» WHAT THE EXERCISE ASKS
Write out each line of the material exactly as given, and drop the images.

» GIVEN ENTRIES
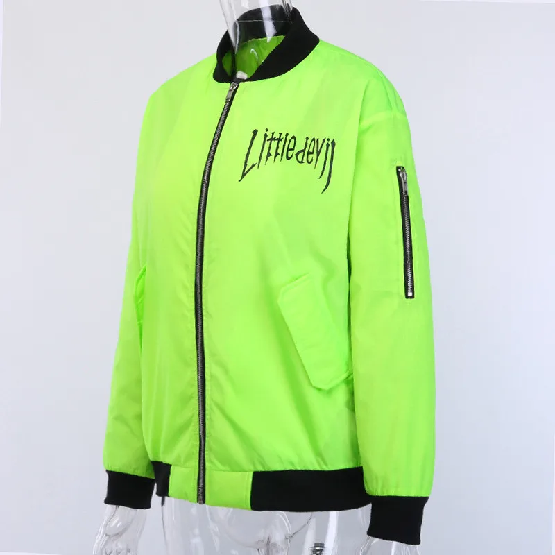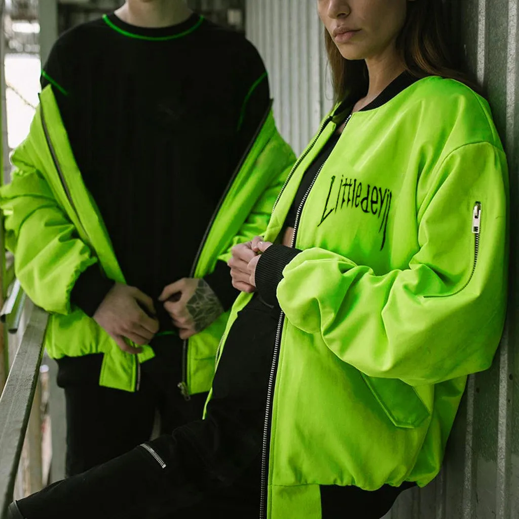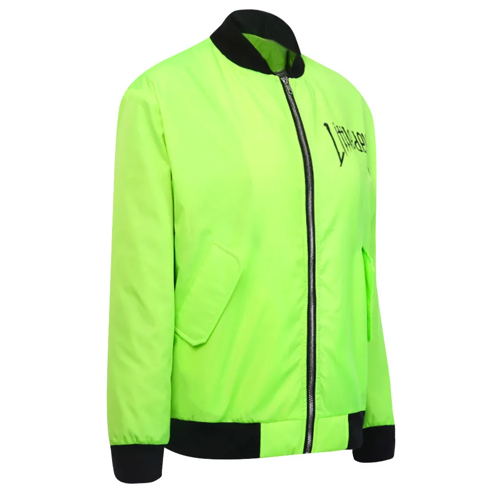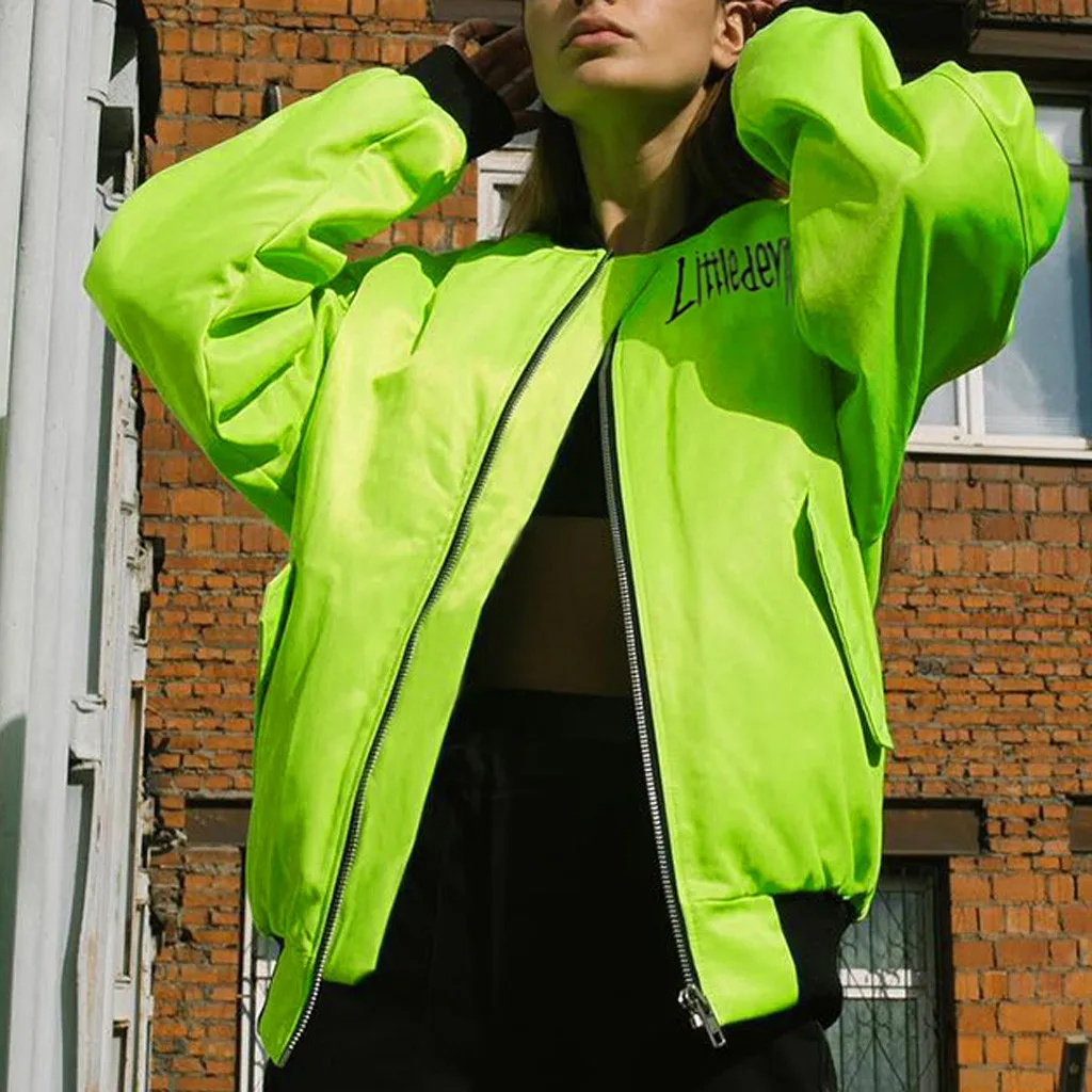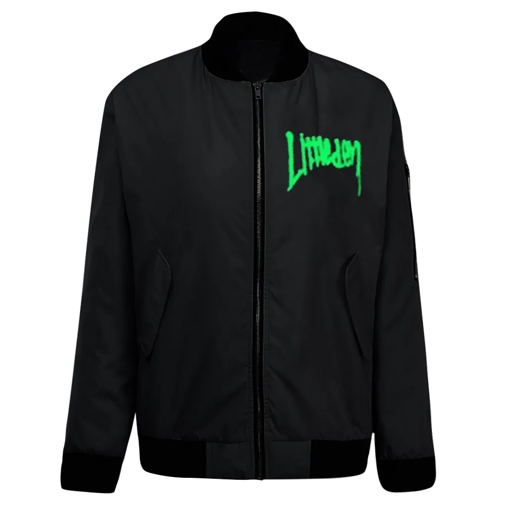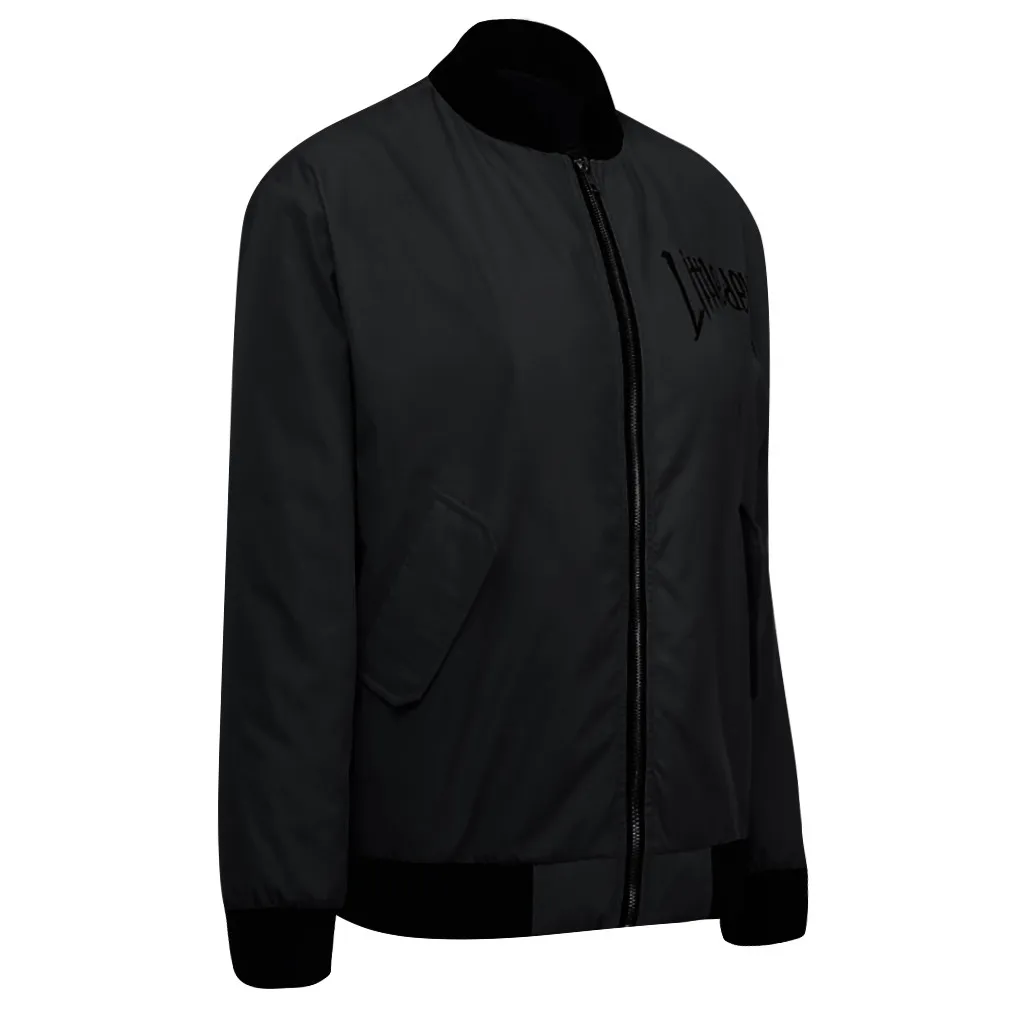 Women Fashion Street Stand Collar Zipper Letter Print Long Sleeve Long Coat
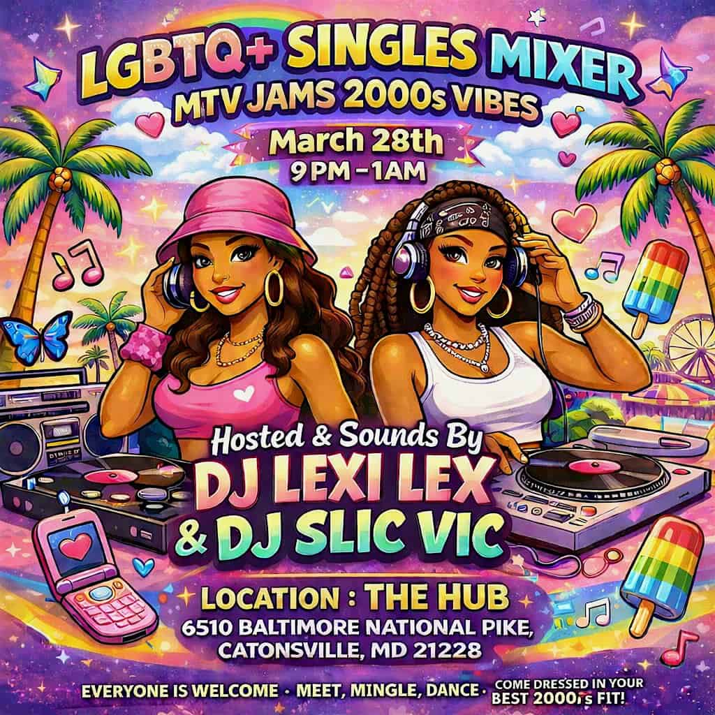 by admin23Feb LGBTQ+ Singles Mixer at The Hub Sakaki Izakaya Bar and Karaoke – Catonsville, MD LGBTQ+ Singles Mixer at The Hub Sakaki Izakaya Bar and Karaoke – Catonsville, MD 2 2 people viewed this event. Running it back 2000s style ✨ Put your flyest fit on and meet us at The Hub! LGBTQ+ Mixer — meet, mingle, and dance all night Y2K vibes only Tickets-RSVP Link Date And Time Saturday, March 28th, 2026 09:00 PM (PST) Venue The Hub Sakaki Izakaya Bar and Karaoke Location 6510 Baltimore National Pike, Catonsville, MD 21228 Event Types Community & CultureParty or Social Gathering Event Category Maryland Share With Friends Facebook Twitter Linkedin Xing Pinterest Share This Post:
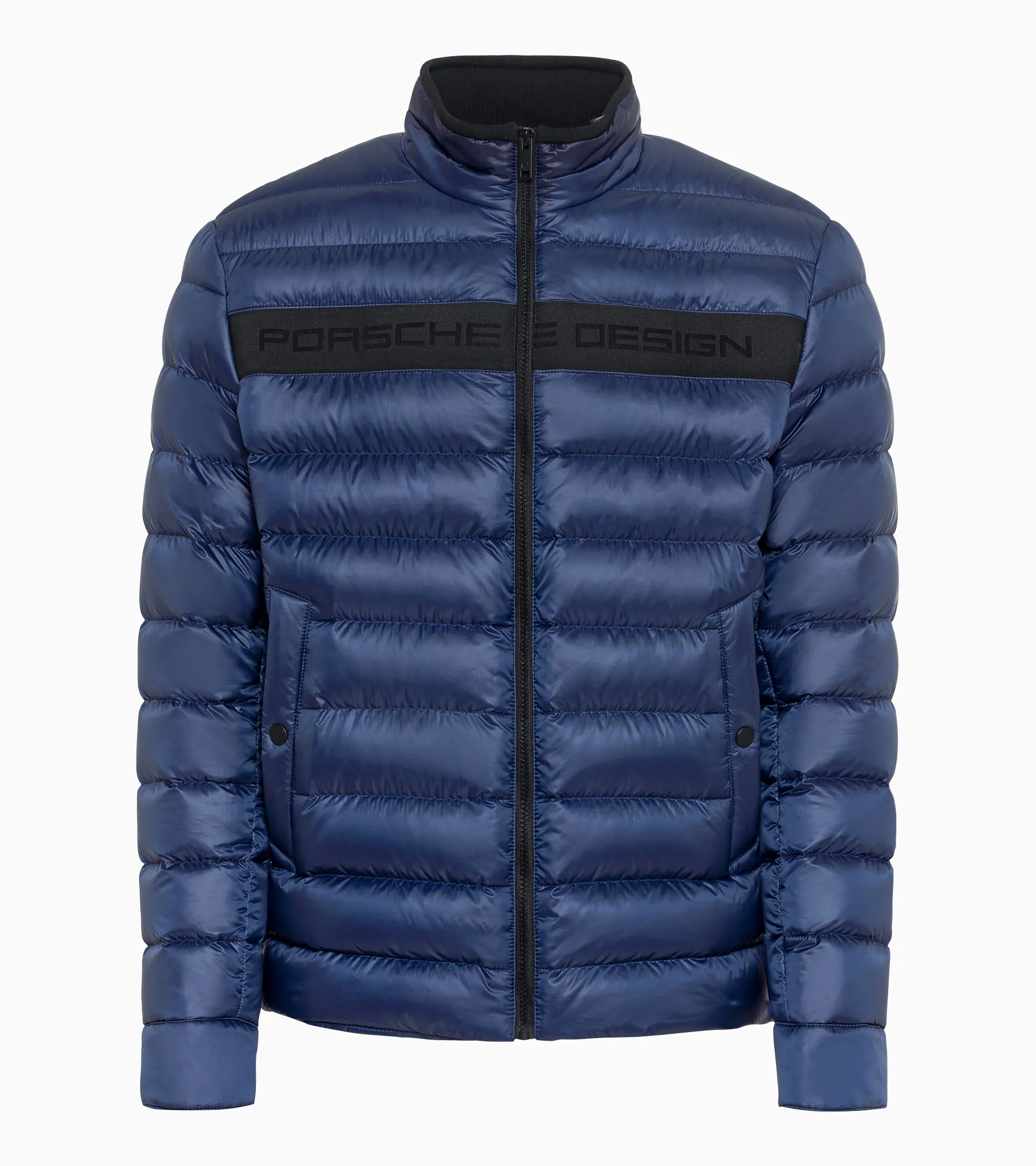 Leggera come una piuma – ma senza piume: la giacca dal taglio dritto con imbottitura senza piumino è perfetta per le mezze stagioni. Le due tasche sui fianchi si chiudono con bottoni a pressione, mentre le tasche interne con cerniere. Dettagli raffinati tipici di Porsche sono il tessuto a maglia all'interno del colletto rialzato e la fettuccia Porsche Design sulla parte anteriore della giacca.
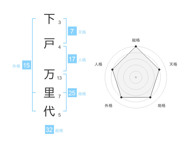 下戸 万里代さんを姓名の画数から五運を鑑定
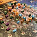Dans la ville, les joueurs ont accès aux actions, chaque spot représentant les trois actions qui l'entourent. Ce simple placement d'ouvrier cède la place à un mécanisme de construction de moteur profond car non seulement la construction autour des espaces de production utilisera les maisons que vous avez déjà construites dans la campagne, mais la construction près des maisons des autres joueurs les réactivera, donnant aux autres joueurs de précieuses opportunités en dehors de leur tour.
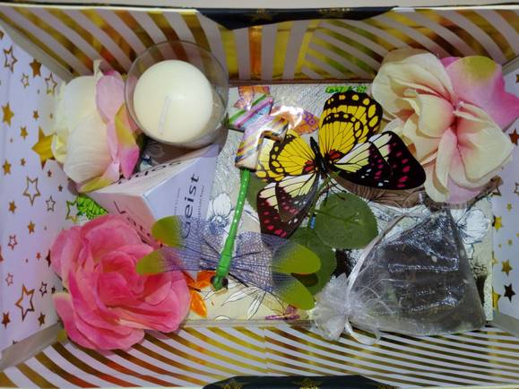 In meiner Box ist eine Bibel für den Glauben, ein Herz für die Liebe, eine Kerze für den Heiligen Geist und ein Kreuz für Jesus Christus.
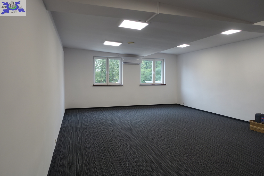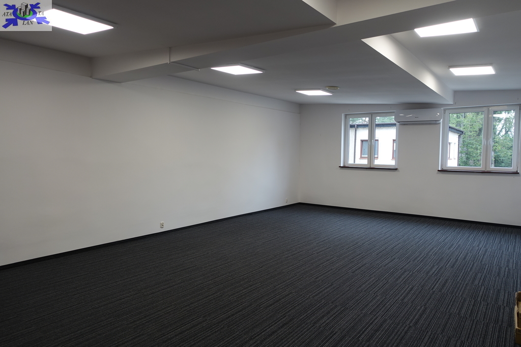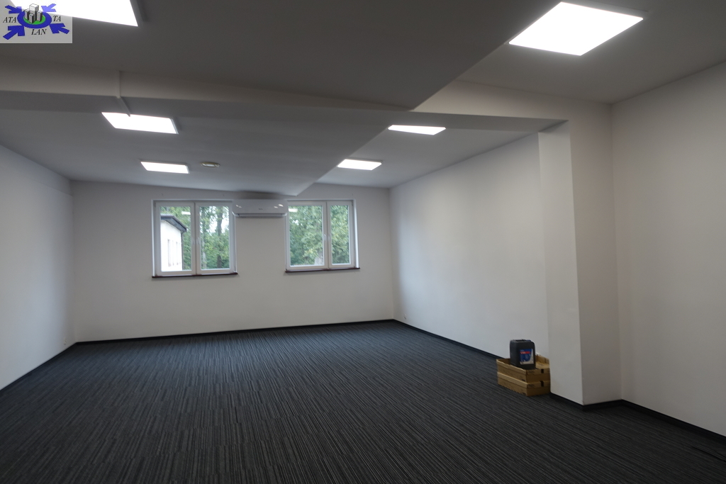Budynek w dobrym standardzie wykończenia. DO CENY NALEŻY DOLICZYĆ VAT. Na podłogach panele, ściany pomalowane na jasne kolory, instalacja elektryczna do pomieszczeń biurowych, biura ogrzewane i klimatyzowane (pompa ciepła), Zaplecze socjalne WC damskie i męskie - 7 kabin. Dostęp do linii telefonicznych faksowych, szybkich łączy internetowych. Opłata elektryczna wg wskazań podlicznika. Wynajem całości 25 zł/m2 + VAT. Możliwość wynajmu innych pomieszczeń, do dyspozycji dodatkowo biura o powierzchni 76 i 57 m2.
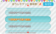 誕生日をたくさんあつめたり、1つの月をコンプリートしたりするとぼうしチケットがもらえます。
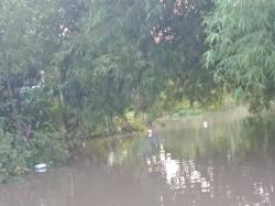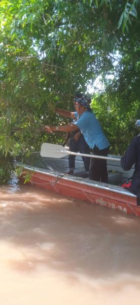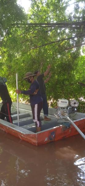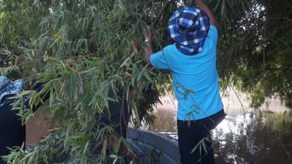งานป้องกันฯ ตัดกิ่งไม้ไผ่ตรงบริเวณปากครองหัวไร่แตงหมู่ที่ 8 ต.หัวเวียงให้ชาวบ้านได้พายเรือเข้าออกได้สะดวก
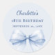 A light blue background color. Decorated with a large light blue colored bow. Personalize and add the name and date.

» RESULT OF THIS EXERCISE
 Women Fashion Street Stand Collar Zipper Letter Print Long Sleeve Long Coat
 by admin23Feb LGBTQ+ Singles Mixer at The Hub Sakaki Izakaya Bar and Karaoke – Catonsville, MD LGBTQ+ Singles Mixer at The Hub Sakaki Izakaya Bar and Karaoke – Catonsville, MD 2 2 people viewed this event. Running it back 2000s style ✨ Put your flyest fit on and meet us at The Hub! LGBTQ+ Mixer — meet, mingle, and dance all night Y2K vibes only Tickets-RSVP Link Date And Time Saturday, March 28th, 2026 09:00 PM (PST) Venue The Hub Sakaki Izakaya Bar and Karaoke Location 6510 Baltimore National Pike, Catonsville, MD 21228 Event Types Community & CultureParty or Social Gathering Event Category Maryland Share With Friends Facebook Twitter Linkedin Xing Pinterest Share This Post:
 Leggera come una piuma – ma senza piume: la giacca dal taglio dritto con imbottitura senza piumino è perfetta per le mezze stagioni. Le due tasche sui fianchi si chiudono con bottoni a pressione, mentre le tasche interne con cerniere. Dettagli raffinati tipici di Porsche sono il tessuto a maglia all'interno del colletto rialzato e la fettuccia Porsche Design sulla parte anteriore della giacca.
 下戸 万里代さんを姓名の画数から五運を鑑定
Dans la ville, les joueurs ont accès aux actions, chaque spot représentant les trois actions qui l'entourent. Ce simple placement d'ouvrier cède la place à un mécanisme de construction de moteur profond car non seulement la construction autour des espaces de production utilisera les maisons que vous avez déjà construites dans la campagne, mais la construction près des maisons des autres joueurs les réactivera, donnant aux autres joueurs de précieuses opportunités en dehors de leur tour.
 In meiner Box ist eine Bibel für den Glauben, ein Herz für die Liebe, eine Kerze für den Heiligen Geist und ein Kreuz für Jesus Christus.
Budynek w dobrym standardzie wykończenia. DO CENY NALEŻY DOLICZYĆ VAT. Na podłogach panele, ściany pomalowane na jasne kolory, instalacja elektryczna do pomieszczeń biurowych, biura ogrzewane i klimatyzowane (pompa ciepła), Zaplecze socjalne WC damskie i męskie - 7 kabin. Dostęp do linii telefonicznych faksowych, szybkich łączy internetowych. Opłata elektryczna wg wskazań podlicznika. Wynajem całości 25 zł/m2 + VAT. Możliwość wynajmu innych pomieszczeń, do dyspozycji dodatkowo biura o powierzchni 76 i 57 m2.
 誕生日をたくさんあつめたり、1つの月をコンプリートしたりするとぼうしチケットがもらえます。
งานป้องกันฯ ตัดกิ่งไม้ไผ่ตรงบริเวณปากครองหัวไร่แตงหมู่ที่ 8 ต.หัวเวียงให้ชาวบ้านได้พายเรือเข้าออกได้สะดวก
 A light blue background color. Decorated with a large light blue colored bow. Personalize and add the name and date.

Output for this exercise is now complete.